0
votes

I have an application with rich client (react+redux) and rails 5 backend API.

In first approximation, we have 3 models

issue.rb

has_many :issue_participants, dependent: :destroy

has_many :participants, through: :issue_participants, class_name: 'User'

issue_participant.rb

belongs_to :issue

belongs_to :participant, class_name: 'User', foreign_key: 'user_id'

and user.rb

has_many :issue_participants, dependent: :destroy

has_many :issues, through: :issue_participants

I want to add participants to issue at frontend side. This will be happen in react component, where redux-form with user's collection will be render (only users, nothing else of current issue).

I choose from two options:

  1. Update an issue with selected users via IssuesController#update action by passing issues_participant_ids: [] to params. Please note that we have no this action right now, because it wasn't needed before today.

  2. Create IssueParticipant records via IssueParticipantsController#create action.

Both options works.
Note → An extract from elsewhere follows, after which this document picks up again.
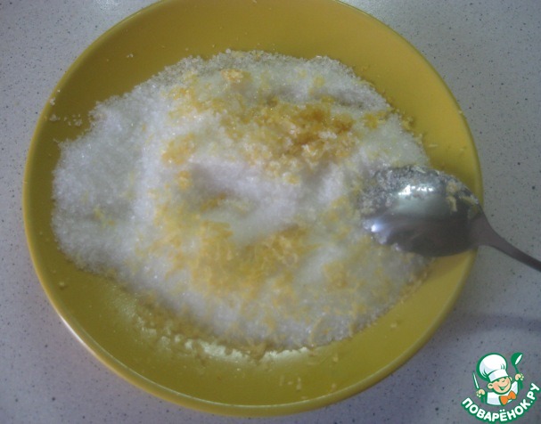 Сливочное масло порубить ножом с мукой. Добавить сахар растертый с лимонной цедрой. Добавить яйца и замесить тесто. Завернуть его в пищевую пленку и убрать в холод 1-1,5 часа.

Which one should be given preference in the context of predictable consequences?

1

1 Answers

0
votes

I solved the problem in favor of option number 1, because separate creation of related entities issue_participants generates problem with subsequent issue updates.

We should make additional request to know which users already related to issue, instead of take them from issue object if we work in context of issue form.

But if we generally update issue_participants as an issue attributes, we use default rails params behavior and remain within RoR framework convention.